Ben Tansey

Personal information
- Born: 22 June 1953 Ballinasloe, County Galway, Ireland
- Died: 25 March 2011 (aged 57)
- Occupation: Garda Síochána

Sport

Clubs
- Years: Club
- 1970–1978 1971–1978 1979–1996: Four Roads (H) St Aidan's, Ballyforan Navan O'Mahonys

Club titles
- Football / Hurling
- Meath titles: 7 / 2
- Connacht titles: 0 / 1

Inter-county
- Years: County
- 1976–1978 1971–1978 1980–1985 1980–1989: Roscommon (F) Roscommon (H) Meath (F) Meath (H)

Inter-county titles
- Football / Hurling
- Connacht Titles: 1 / 0
- All-Ireland Titles: 0 / 1 (Junior)

= Ben Tansey =

Irish sportsman

Ben Tansey was the son of Bernard Tansey and Kathleen Glynn of Caltraghduff, Ballyforan, County Roscommon. Tansey played senior inter-county football and hurling for two different counties, Roscommon and Meath.

Tansey started playing hurling and football with his local clubs, Four Roads and St Aidan's in Roscommon. He won underage hurling championships with Four Roads and also a U16 "B" All-Ireland hurling medal with Roscommon. He played Minor and Under 21 football and hurling for Roscommon. Tansey went to Ballinafad College, in Mayo, where he played in four Connacht colleges hurling finals, won a Connacht colleges football medal and a Mayo colleges football championship.
Tansey joined the Garda Síochána in 1973 and was stationed in Rush, Balbriggan, and Navan. He served in Navan for 27 years until his retirement in 2003.

During his playing days in Roscommon Tansey won a Connacht Senior Football Championship in 1978 and an All-Ireland Junior Hurling Championship in 1974. Tansey is one the Roscommon hurlers to have played Railway Cup with Connacht. He won two Roscommon Senior Hurling Championship titles with Four Roads, and also a Connacht Senior Club Hurling Championship medal in 1977. He won an Intermediate Football Championship with St Aidan's, and was also club footballer of the year in 1975.

Tansey transferred to Navan O'Mahonys in 1979. With them he won seven Meath Senior Football Championship titles and two Meath Senior Hurling Championship titles, being a member of the double-winning team in 1985. He also won two Intermediate Hurling Championship (IHC) titles and several Feis Cup and League football medals.

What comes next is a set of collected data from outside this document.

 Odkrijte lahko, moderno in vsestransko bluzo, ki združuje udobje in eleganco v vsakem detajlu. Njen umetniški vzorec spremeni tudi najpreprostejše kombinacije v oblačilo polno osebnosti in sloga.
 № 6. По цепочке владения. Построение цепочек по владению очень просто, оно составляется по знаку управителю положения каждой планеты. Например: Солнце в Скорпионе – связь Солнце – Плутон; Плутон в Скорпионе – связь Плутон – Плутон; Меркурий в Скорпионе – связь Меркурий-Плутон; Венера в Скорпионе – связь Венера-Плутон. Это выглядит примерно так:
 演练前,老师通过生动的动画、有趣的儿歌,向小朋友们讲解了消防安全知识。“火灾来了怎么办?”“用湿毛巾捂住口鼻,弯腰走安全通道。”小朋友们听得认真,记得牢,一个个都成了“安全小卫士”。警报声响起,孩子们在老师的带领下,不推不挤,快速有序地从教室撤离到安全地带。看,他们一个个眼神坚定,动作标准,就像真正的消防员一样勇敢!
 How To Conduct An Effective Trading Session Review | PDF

He was also club footballer of the year and club hurler of the year. Tansey also holds the distinction of having won "Man of the Match" awards in both senior football (1979) and senior hurling (1986) finals. He was the Keegan Cup-winning captain in 1981. Tansey last lined out for O'Mahony's in the 1996 IHC final, aged 43, rounding off a 26-year club career with 15 club championship medals.

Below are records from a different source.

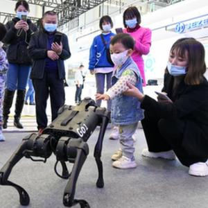 11月16日,在第十屆中國(綿陽(yáng))科技城國際科技博覽會(huì )上,小朋友與仿生智能四足機器狗互動(dòng)。
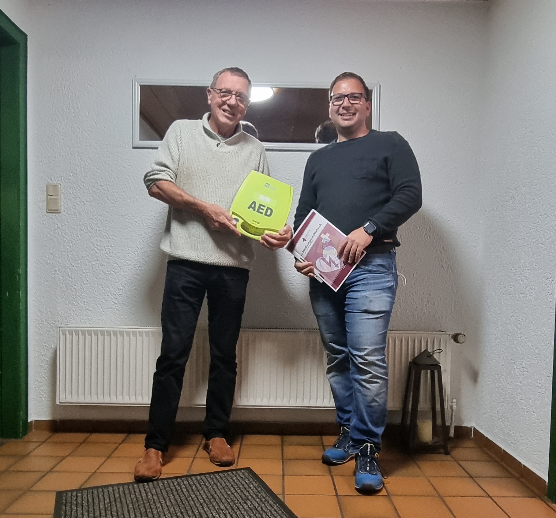 Im Rahmen einer mit dem Stadtsportverband Dorsten organisierten Info-Veranstaltung zum Thema „Lebensbedrohliche Notfälle bei Sportveranstaltungen“ auf unserer Anlage hatten wir uns im Juli u. a. über den Nutzen automatisierter externer Defibrillatoren (AED) informieren und uns verschiedene Geräte vorführen lassen. Im Nachgang hatte sich unser Vereinsvorstand dazu entschlossen, ein solches Gerät anzuschaffen. Dieses wurde uns nun von „Notfalltraining Vest“ bzw. Firmeninhaber Thorsten Poweleit, der auch bei der Info-Veranstaltung im Juli referiert hatte, geliefert.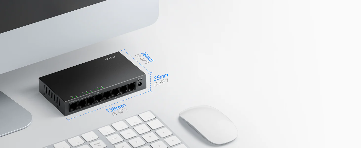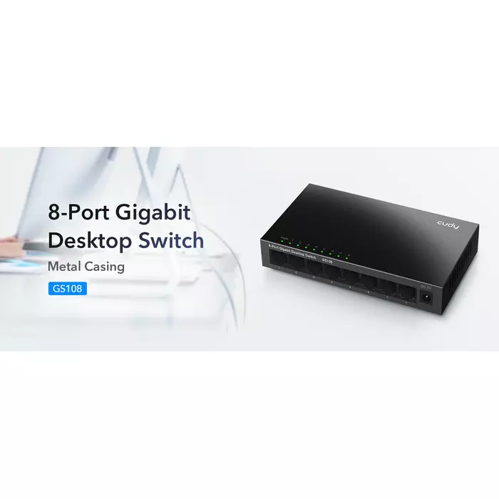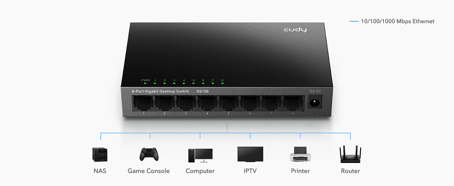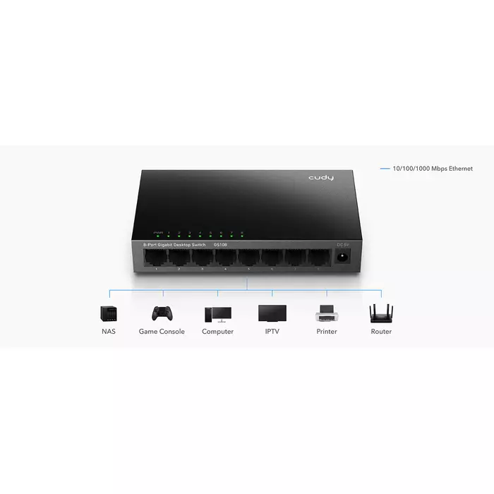 Cudy GS108 оборудован 8 портами с функцией автосогласования, обеспечивающими передачу больших файлов без помех на скорости до 1 Гбит/с. К устройству можно подключить ПК, принтеры, приставки, IP-камеры и датчики умного дома для создания локальной сети. Коммутатор функционирует в режиме store and forward, который позволяет временно хранить данные и проверять их на наличие ошибок. Благодаря неуправляемому типу устройства, его использование упрощается — подключение не требует дополнительных настроек, что делает его удобным для домашнего применения. Энергоэффективные технологии коммутатора автоматически регулируют энергопотребление при простое отдельных линий. Коммутационная таблица поддерживает до 1000 MAC-адресов.

Tansey is best remembered in Meath for being an inter-county dual player. In particular for goals he scored at Croke Park in the Leinster Senior Football Championship (SFC) against Dublin in 1983 and 1984. The goal he scored in the 1984 Leinster SFC final in 1984 would be the only one conceded by John O'Leary in the championship that year. Tansey was Meath senior footballer of the year in 1982 and won an O'Byrne Cup medal in 1983. Tansey was on Meath hurling and football teams that were managed by Seán Boylan.

Tansey was highly regarded in Navan as a hurling coach and coached teams at all grades. He was player–coach for the two senior hurling championships he won and was involved in several O'Mahony's juvenile team that travelled to Feile na nGael competitions.

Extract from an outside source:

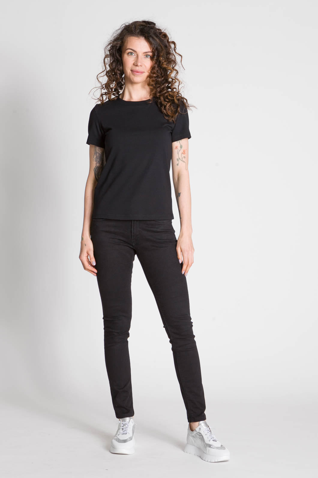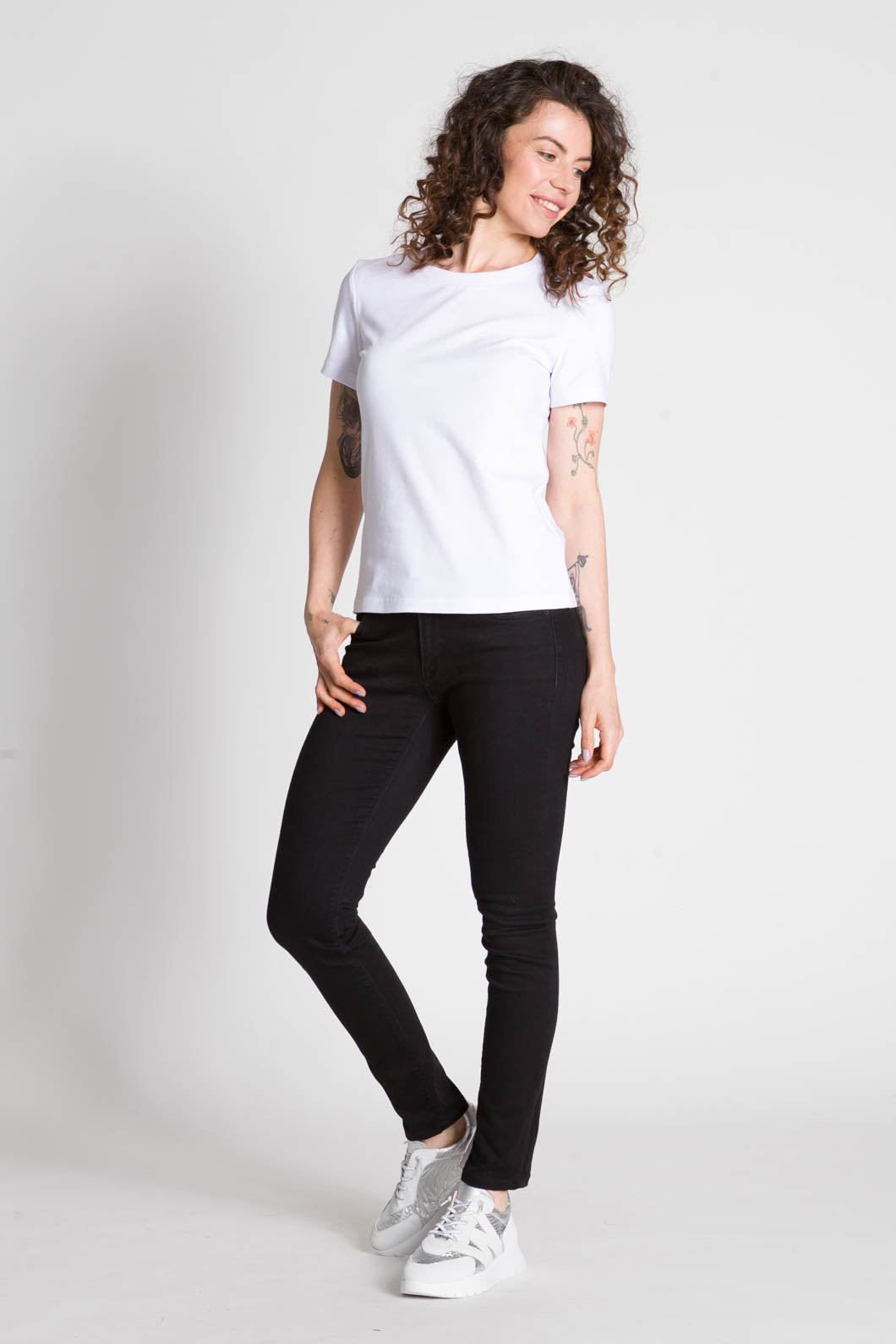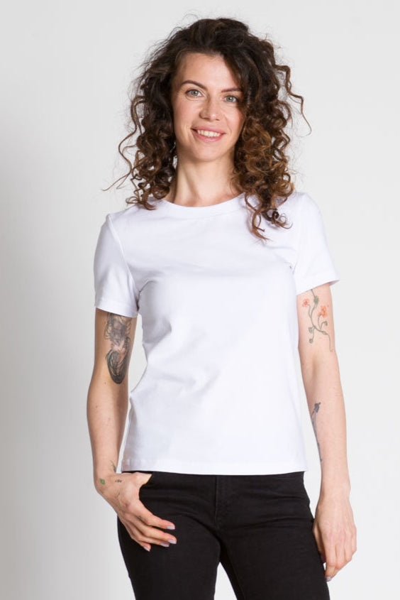 - Ta dopasowana bluzka z krótkim rękawem to esencja klasyki w nowoczesnym wydaniu. Uszyta z wysokogatunkowej bawełny, gwarantuje komfort i przewiewność, a jednocześnie zachowuje swój kształt przez cały dzień.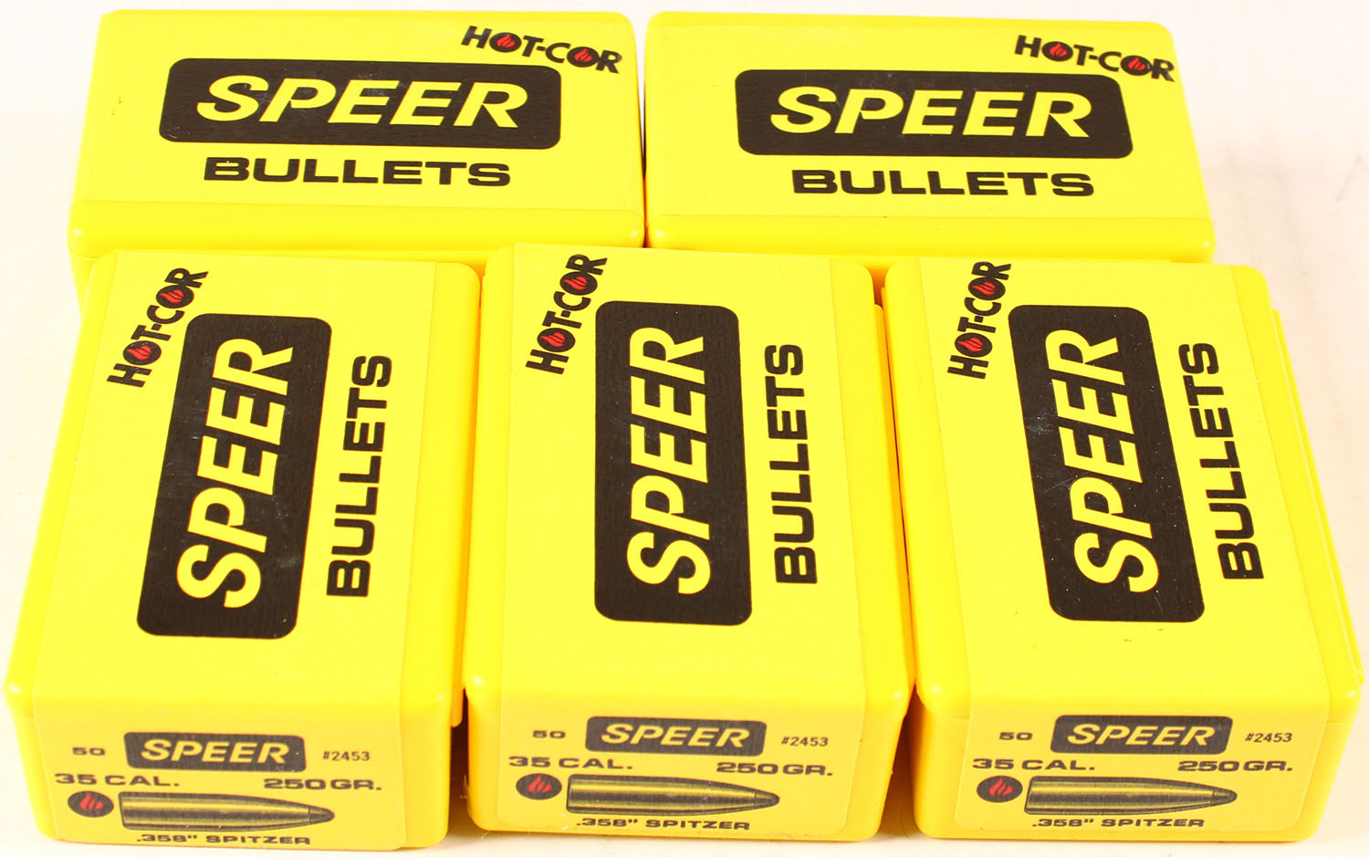 Lot of 5 Speer, Hot-Cor, caliber 35, 250 Grain Spitzer, FULL & SEALED, 1pc., multi-colored box, box is solid with great colors, Bullets are excellent. Grade: Excellent + - Value: 60 to 200

Tansey was interested in many other sports, such as handball, squash, fishing and pitch and putt. He played competitive basketball for Navan O'Mahony's, competitive soccer with Navan Gardaí in the early days of the Meath and District League and also lined out at full back for Navan R.F.C. on several occasions. After his G.A.A. days he became a member of the Royal Tara Golf Club and represented the club in competitions. He played off a handicap of five and once held the course record.

As well as having the distinction of being a dual player with two different counties Ben also had two uncles with unique records. John Glynn played Connacht senior football championship with 3 different counties, his native Galway, Sligo and Leitrim. His brother Tim Glynn played Munster senior hurling championship with 2 different counties, his native Galway and Limerick, he also played Junior hurling with Kerry & Junior football with Limerick. Other brothers, Martin, Tom & Frank Glynn also played hurling with Galway. Tansey also had 2 aunts who played in an All-Ireland Camogie final for Galway against Antrim in 1946. His cousin Sheila Coen played with the Galway camogie team in the 90's.